Physiopathologie de la maladie de Behçet

RésuméBien que l’étiopathogénie de la maladie de Behçet (MB) demeure inexpliquée, de nouvelles données suggèrent que la réaction inflammatoire au cours de la MB résulte d’une perturbation de l’homéostasie de la réponse immunitaire innée et adaptative chez des individus génétiquement prédisposés. Il en découle une activation des lymphocytes T au niveau du sang périphérique et des sites inflammatoires. À ce jour, HLA-B51 demeure le principal facteur de susceptibilité génétique. Les études génomiques récentes ont confirmé cette donnée et ont permis de mettre en évidence de nouveaux gènes de susceptibilité (IL-10, IL-23R, IL-12RB2). Un agent infectieux bactérien pourrait déclencher la maladie par une réponse anormale des cellules T vis-à-vis des HSP (heat shock proteins) bactériennes provoquant secondairement, par réactivité croisée, la prolifération de cellules T auto-réactives vis-à-vis des HSP humaines. Différents agents infectieux ont été étudiés, et il en ressort que Streptococcus sanguis serait l’agent pathogène le plus incriminé. Récemment, il a été démontré un déséquilibre des lymphocytes T consistant en l’expansion des Th1 et Th17 et une diminution des lymphocytes T régulateurs (Treg). Les cytokines de type IL-17, IL-23 et IL-21 jouent un rôle déterminant. Les principales cellules impliquées dans l’inflammation au cours de la MB sont les polynucléaires neutrophiles, les lymphocytes T CD4+ et les cellules cytotoxiques. Enfin, il a été clairement établi qu’une dysfonction de la cellule endothéliale joue un rôle dans la MB. Les progrès réalisés dans la compréhension de la physiopathologie de la MB seront certainement à l’origine de développement de nouvelles thérapeutiques plus efficaces que les traitements disponibles. Dans cette revue, nous avons analysé différents facteurs étiopathogéniques à la lumière des données récentes.

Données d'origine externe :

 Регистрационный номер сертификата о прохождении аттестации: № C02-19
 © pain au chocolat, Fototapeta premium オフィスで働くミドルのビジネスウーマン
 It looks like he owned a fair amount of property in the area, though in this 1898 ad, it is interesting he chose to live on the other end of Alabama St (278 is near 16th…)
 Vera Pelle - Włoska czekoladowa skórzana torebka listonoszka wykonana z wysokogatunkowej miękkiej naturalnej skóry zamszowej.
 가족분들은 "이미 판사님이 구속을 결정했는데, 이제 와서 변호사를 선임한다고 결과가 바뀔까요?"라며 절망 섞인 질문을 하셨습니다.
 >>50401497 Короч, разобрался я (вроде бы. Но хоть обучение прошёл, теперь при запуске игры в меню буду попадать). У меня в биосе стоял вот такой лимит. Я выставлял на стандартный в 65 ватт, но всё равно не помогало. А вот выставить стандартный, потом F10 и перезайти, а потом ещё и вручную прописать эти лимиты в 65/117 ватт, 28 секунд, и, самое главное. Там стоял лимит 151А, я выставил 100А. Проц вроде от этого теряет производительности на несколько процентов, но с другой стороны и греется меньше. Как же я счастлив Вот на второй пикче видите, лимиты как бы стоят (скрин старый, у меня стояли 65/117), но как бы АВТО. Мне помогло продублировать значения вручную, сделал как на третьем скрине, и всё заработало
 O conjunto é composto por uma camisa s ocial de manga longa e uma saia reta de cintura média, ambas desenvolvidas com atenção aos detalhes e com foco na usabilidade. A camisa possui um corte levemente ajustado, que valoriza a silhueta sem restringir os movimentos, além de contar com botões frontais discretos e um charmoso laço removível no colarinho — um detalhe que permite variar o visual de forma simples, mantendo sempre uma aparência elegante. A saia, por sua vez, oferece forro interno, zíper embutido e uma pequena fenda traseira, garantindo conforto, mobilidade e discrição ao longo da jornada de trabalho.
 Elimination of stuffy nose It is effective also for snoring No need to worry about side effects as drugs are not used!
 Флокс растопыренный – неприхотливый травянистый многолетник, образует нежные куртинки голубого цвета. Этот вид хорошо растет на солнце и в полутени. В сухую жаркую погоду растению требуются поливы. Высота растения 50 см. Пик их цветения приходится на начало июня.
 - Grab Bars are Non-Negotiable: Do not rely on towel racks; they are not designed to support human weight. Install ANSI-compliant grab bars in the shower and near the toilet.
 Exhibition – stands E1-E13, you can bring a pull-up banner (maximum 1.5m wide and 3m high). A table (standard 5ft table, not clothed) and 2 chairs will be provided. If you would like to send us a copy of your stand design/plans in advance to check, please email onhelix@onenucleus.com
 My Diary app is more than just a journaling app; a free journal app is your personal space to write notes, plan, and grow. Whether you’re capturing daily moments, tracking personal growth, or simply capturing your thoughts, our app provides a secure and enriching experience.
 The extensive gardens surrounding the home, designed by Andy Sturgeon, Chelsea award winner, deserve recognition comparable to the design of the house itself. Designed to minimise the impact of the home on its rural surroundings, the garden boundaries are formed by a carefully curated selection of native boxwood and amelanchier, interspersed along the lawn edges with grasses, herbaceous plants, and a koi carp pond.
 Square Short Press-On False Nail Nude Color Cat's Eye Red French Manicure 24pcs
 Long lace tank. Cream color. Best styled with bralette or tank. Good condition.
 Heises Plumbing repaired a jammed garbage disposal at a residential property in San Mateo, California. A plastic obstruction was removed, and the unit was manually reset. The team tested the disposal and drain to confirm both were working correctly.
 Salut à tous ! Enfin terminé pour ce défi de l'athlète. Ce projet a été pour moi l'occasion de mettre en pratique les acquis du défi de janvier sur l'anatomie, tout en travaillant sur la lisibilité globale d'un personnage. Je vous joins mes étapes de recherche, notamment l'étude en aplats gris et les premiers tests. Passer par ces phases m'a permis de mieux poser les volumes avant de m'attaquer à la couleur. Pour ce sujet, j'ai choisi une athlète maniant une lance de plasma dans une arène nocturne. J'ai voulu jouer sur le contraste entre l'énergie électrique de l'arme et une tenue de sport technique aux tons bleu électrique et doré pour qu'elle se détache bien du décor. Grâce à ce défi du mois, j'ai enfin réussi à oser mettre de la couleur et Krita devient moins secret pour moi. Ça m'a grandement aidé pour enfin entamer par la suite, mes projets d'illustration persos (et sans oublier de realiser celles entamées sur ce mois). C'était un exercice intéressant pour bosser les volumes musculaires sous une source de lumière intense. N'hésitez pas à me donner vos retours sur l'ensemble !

Although the precise pathogenesis and etiology of Behçet's disease (BD) still remains unknown, current evidence suggests that inflammatory reaction in BD arises from disruption of homeostasis in genetically susceptible individuals, resulting in altered innate and adaptive immunity responses, pathogenic T cell activation in the peripheral blood, and in inflammatory sites. Association with HLA-B51 is known as the strongest genetic susceptibility factor for BD. Recent GWAS (genome-wide association studies) have confirmed this relationship, and reported new susceptibility genes (IL-10, IL-23R, IL-12RB2) for the disease. A triggering infectious agent could operate through molecular mimicry, and the disease could subsequently be perpetuated by an abnormal immune response to an auto-antigen in the absence of ongoing infection. Several potential bacteria have been investigated but the most commonly implicated microorganism is Streptococcus sanguis. Recent data have showed that the T cell homeostasis perturbation consisted mainly of Th1 and Th17 expansions, while regulatory T cell response was suppressed. Cytokine such as IL-17, IL-23 and IL-21 play a significant role in the pathogenesis of BD. Inflammatory cells within BD inflammatory lesions include mostly neutrophils, CD4+ T cells, and cytotoxic cells. Lastly, endothelium dysfunction has been clearly established. This improved understanding of the pathophysiology of BD will certainly lead to the development of new therapeutic agents, potentially more effective than current therapy. In this review, we have studied the etiopathogenesis of BD in the light of recent advances.